We define spam as Unsolicited Bulk Email (UBE). To be considered spam, a message must be:

  1. Unsolicited (I didn't request it explicitly or implicitly); and,

  2. Bulk (the same message was sent to many people at once).

<snip>

Since you did not request this e-mail (at least, certainly not from the spammer!), it meets the first criterion. Since it certainly would have gone to more than just you (otherwise the chances of success of the "phish" [meaning e-mail pretending to be from an enterprise with whom you do business attempting to get personal information] would be almost nil), it may (IMHO) be presumed to meet the second criterion.
Link to comment
Share on other sites

I've just had a load of boucned messages for emails i did not send. This is someone pretending to be from my domain to send spam. Sorry to be a PITA but direct me what to do with these (i tried reporting as normal but spam cop said NOTHING TO DO). Im not an ISP just a bod with MS OE6

Link to comment
Share on other sites

I've just had a load of boucned messages for emails i did not send. This is someone pretending to be from my domain to send spam. Sorry to be a PITA but direct me what to do with these (i tried reporting as normal but spam cop said NOTHING TO DO). Im not an ISP just a bod with MS OE6

40119[/snapback]

Hi Barry!

It rather depends on how you are trying to report them. Presuming you have registered for a SpamCop free reporting account then you can forward the messages as attachments to your spam reporting Email address or you can copy the full text and headers and report via the normal website interface.

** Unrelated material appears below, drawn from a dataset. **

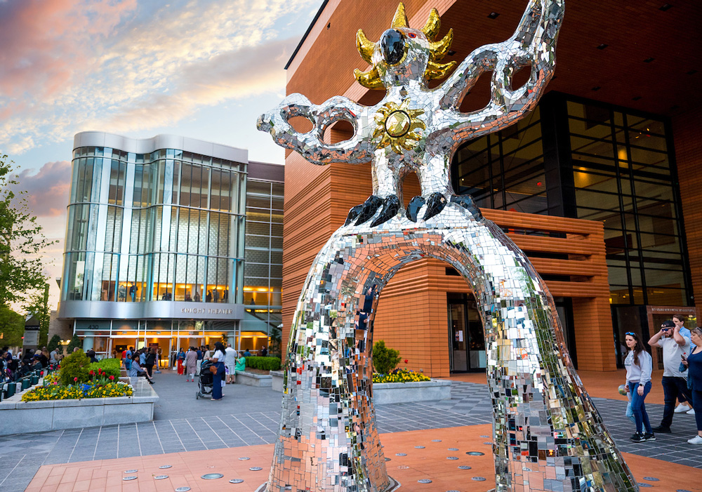 A glistening 17-foot-5-inch-tall whimsical sculpture greets visitors at the Bechtler Museum of Modern Art.

These FAQ entries may assist you...

How to Forward as attachment

Forwarding as attachment from OE6

Andrew

Link to comment
Share on other sites

...That works fine for me, offering to send a complaint to the abuse address of 208.31.41.115.

...Have you configured Mailhosts yet?

40129[/snapback]

OK, I will have a go at setting up mailhosts but at present my domain is in middle of a transfer so will wait a few days first. I think I understand it (think) ;-)

Thanks for all the help people. :)

Link to comment
Share on other sites

OK, I will have a go at setting up mailhosts but at present my domain is in middle of a transfer so will wait a few days first.  I think I understand it (think) ;-)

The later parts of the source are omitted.